======== SUPPLIED DATA
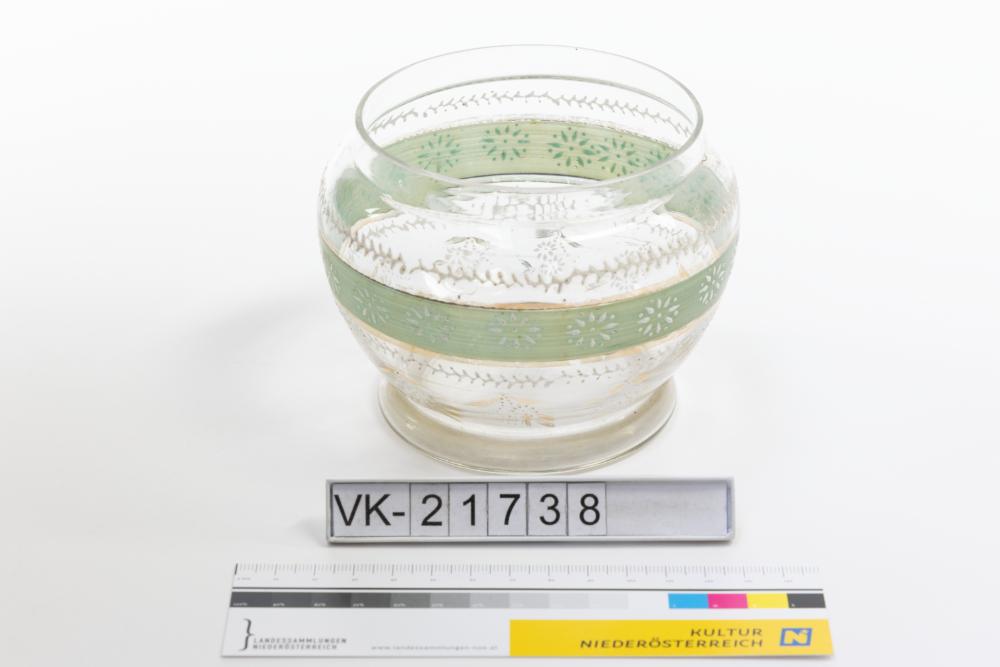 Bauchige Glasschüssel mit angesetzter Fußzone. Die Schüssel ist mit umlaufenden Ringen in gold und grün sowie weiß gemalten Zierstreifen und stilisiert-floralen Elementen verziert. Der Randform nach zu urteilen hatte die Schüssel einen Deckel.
================
======== SUPPLIED DATA
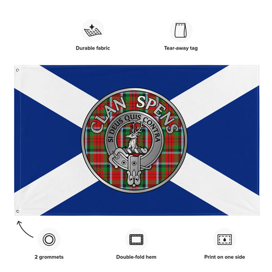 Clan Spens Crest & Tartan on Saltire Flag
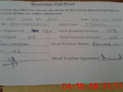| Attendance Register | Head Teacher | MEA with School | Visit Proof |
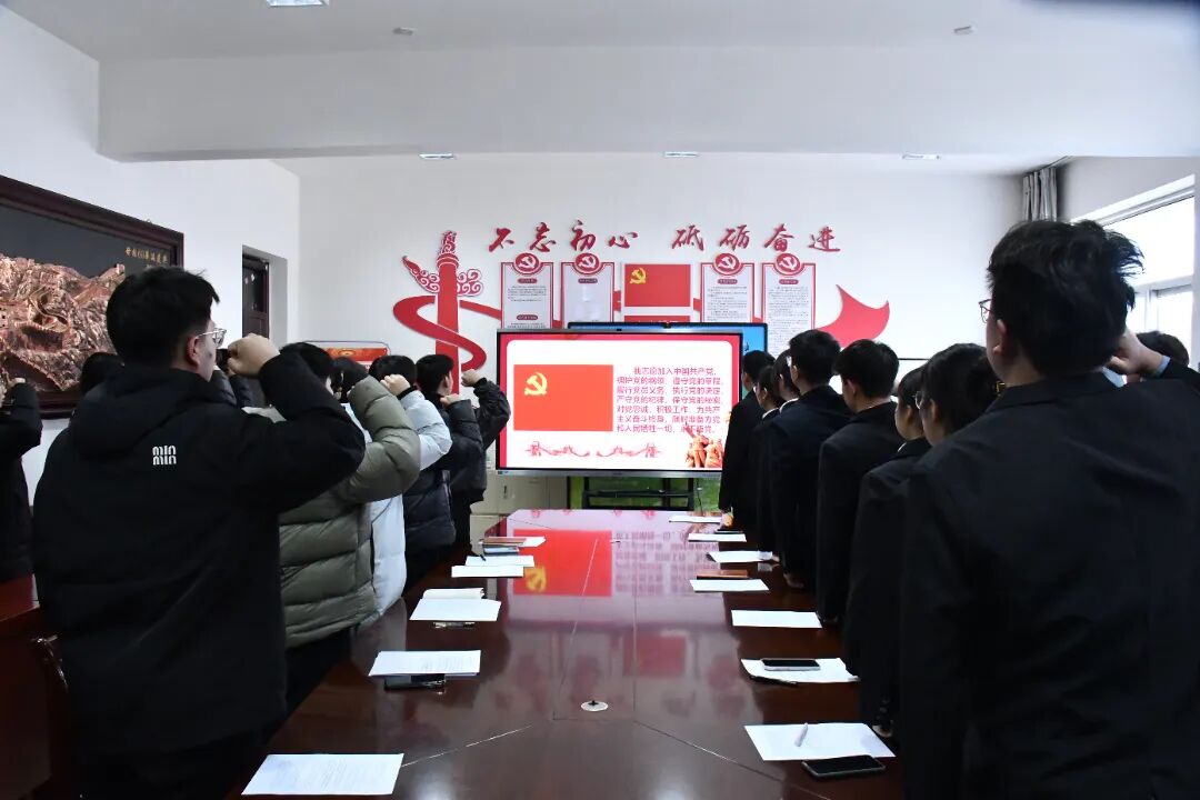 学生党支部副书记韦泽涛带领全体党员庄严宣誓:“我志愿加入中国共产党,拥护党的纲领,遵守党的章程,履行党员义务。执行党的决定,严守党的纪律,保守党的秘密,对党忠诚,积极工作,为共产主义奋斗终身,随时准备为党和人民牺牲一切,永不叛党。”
================
======== SUPPLIED DATA
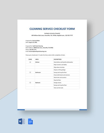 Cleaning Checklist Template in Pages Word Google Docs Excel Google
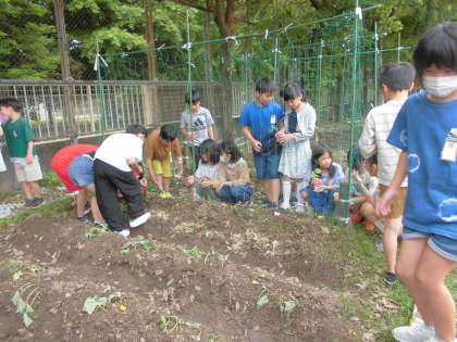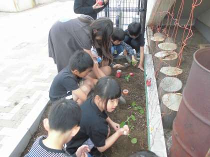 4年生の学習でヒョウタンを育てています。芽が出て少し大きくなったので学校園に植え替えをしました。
================
• HOW TO COMPLETE THIS TASK:
Range to print from the listing above: from the line with "Cleaning Checklist Template" up to and including the line with "4年生の学習でヒョウタンを育". Please print those lines exactly, with no pictures and nothing more.

• TASK RESULT:
 Cleaning Checklist Template in Pages Word Google Docs Excel Google
 4年生の学習でヒョウタンを育てています。芽が出て少し大きくなったので学校園に植え替えをしました。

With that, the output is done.